My lab focuses on understanding the DNA damage response in hematopoietic cells in the context of cytotoxic stresses so that we can better prevent [those complications] from occurring. Then, if they do occur, [we are working to] develop new therapies to treat [clonal hematopoiesis and therapy-related myeloid neoplasms] in a more efficacious fashion.
Something that is becoming increasingly common, particularly among academic centers, are clinics that are geared specifically toward patients who have precursor malignancy lesions in their bone marrow. The most common ones that we think about are monoclonal gammopathy of undetermined significance, which is a precursor for multiple myeloma, and monoclonal B-cell lymphocytosis, which is a precursor for [chronic lymphocytic leukemia]. As I’ve mentioned, clonal hematopoiesis is potentially a precursor for MDS or AML.
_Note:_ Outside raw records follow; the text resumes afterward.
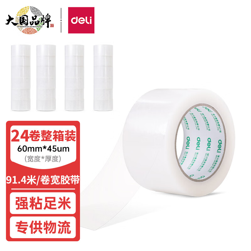得力(deli)高品质高透明封箱胶带打包胶带 60mm*100y*45um(91.4m/卷) 24卷/箱 办公用品 33301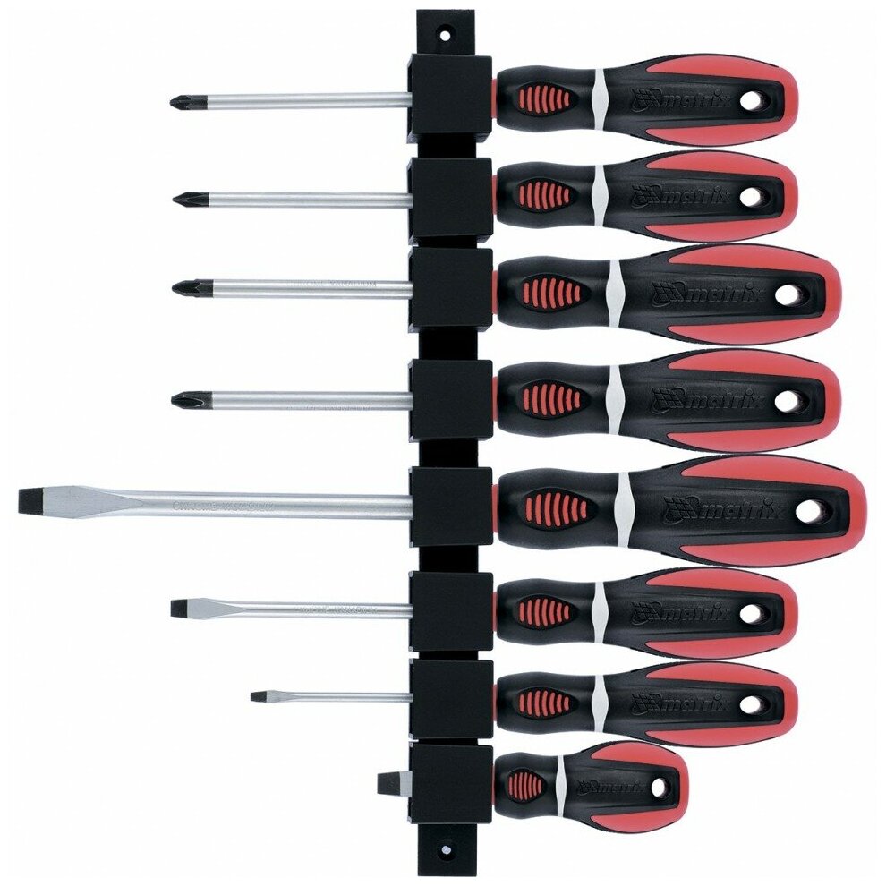 Набор Matrix «Era» включает в себя 8 отверток из стали CrV, с 3-компонентными рукоятками. Используется для закручивания и откручивания резьбового крепежа со шлицами PH и SL. Направлять отвертку с насаженным крепежом можно одной рукой, т.к. рабочая часть каждого инструмента намагничена. Набор рекомендован для профессионального применения и будет полезен во время ремонта оборудования и бытовой техники, а также при сборке мебели.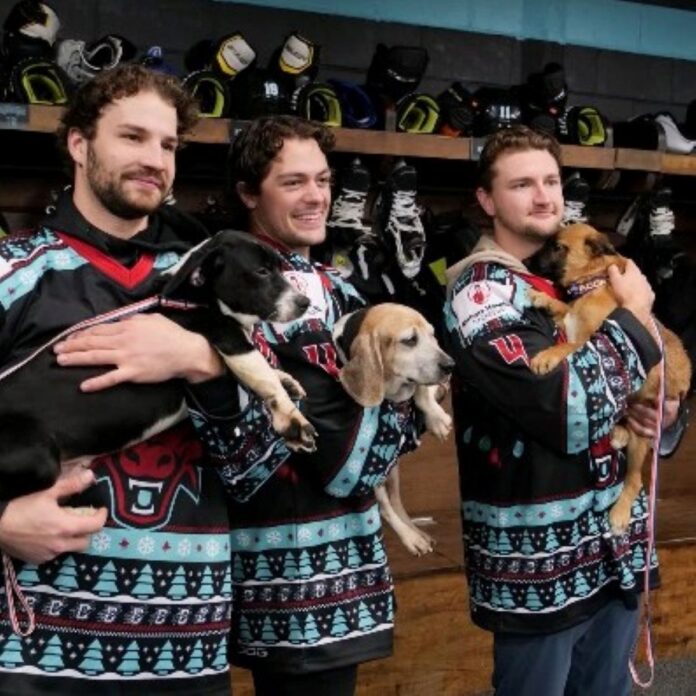 Before the hockey game, the community is invited to meet adoptable dogs and puppies at 4:00 p.m. in the Civic Center Courtyard between the Civic Center and the Ice Rink. The pre-adoption process will take place before the game, and adopted dogs will be picked up after the game in the same courtyard area, where final paperwork will be completed. Door Specialties, Inc will fully cover all adoption fees.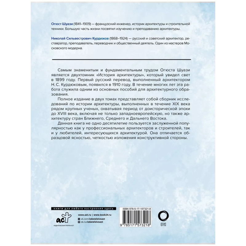 История архитектуры. От доисторической эпохи до XVIII века. Полное издание в двух томах книги французского инженера, историка архитектуры и строительной техники Огюста Шуази не одно десятилетие служило одним из основных пособий для архитектурного образования и до сих пор пользуется заслуженной популярностью как у профессиональных архитекторов и строителей, так и у любителей, интересующихся архитектурой. Оно отличается образцовой ясностью, четкостью изложения конструктивной стороны. Печатается в первом русском переводе 1910 года Николая Сильвестровича Курдюкова. Более 850 иллюстраций!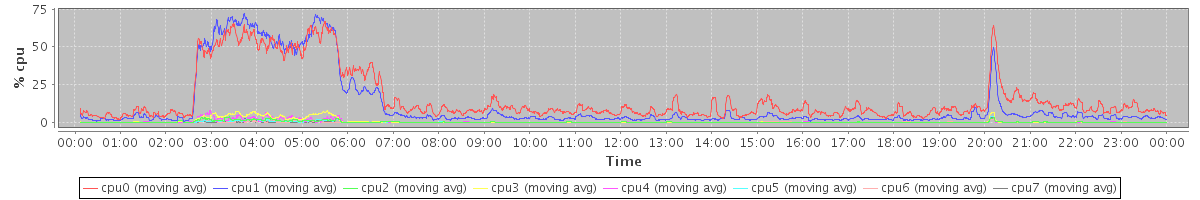 avg(cpu0) = 0.20 avg(cpu1) = 0.16 avg(cpu2) = 0.11 avg(cpu3) = 0.09 avg(cpu4) = 0.09 avg(cpu5) = 0.03 avg(cpu6) = 0.07 avg(cpu7) = 0.01

At our institution and numerous other institutions, we’ve developed a clinic where if we find these patients with somatic mutations in their blood in which we are not entirely sure what we should do, we bring them into the clinic to try to explain to [the patient] what this means and what the potential clinical implications are. We also do additional testing to try to determine whether they truly have clonal hematopoiesis or a more advanced case, such as dysplasia. We also talk about risk-mitigation strategies, both related to the development of potential leukemia and whether they should be screened more frequently with peripheral blood counts to monitor for cytopenias. We’re also looking for risk-mitigation strategies for cardiovascular disease, including statin and lifestyle interventions. These clinics are already online, and they are going to become increasingly common through the academic setting. I believe that they will also filter down to the community setting to provide a lot of value moving forward.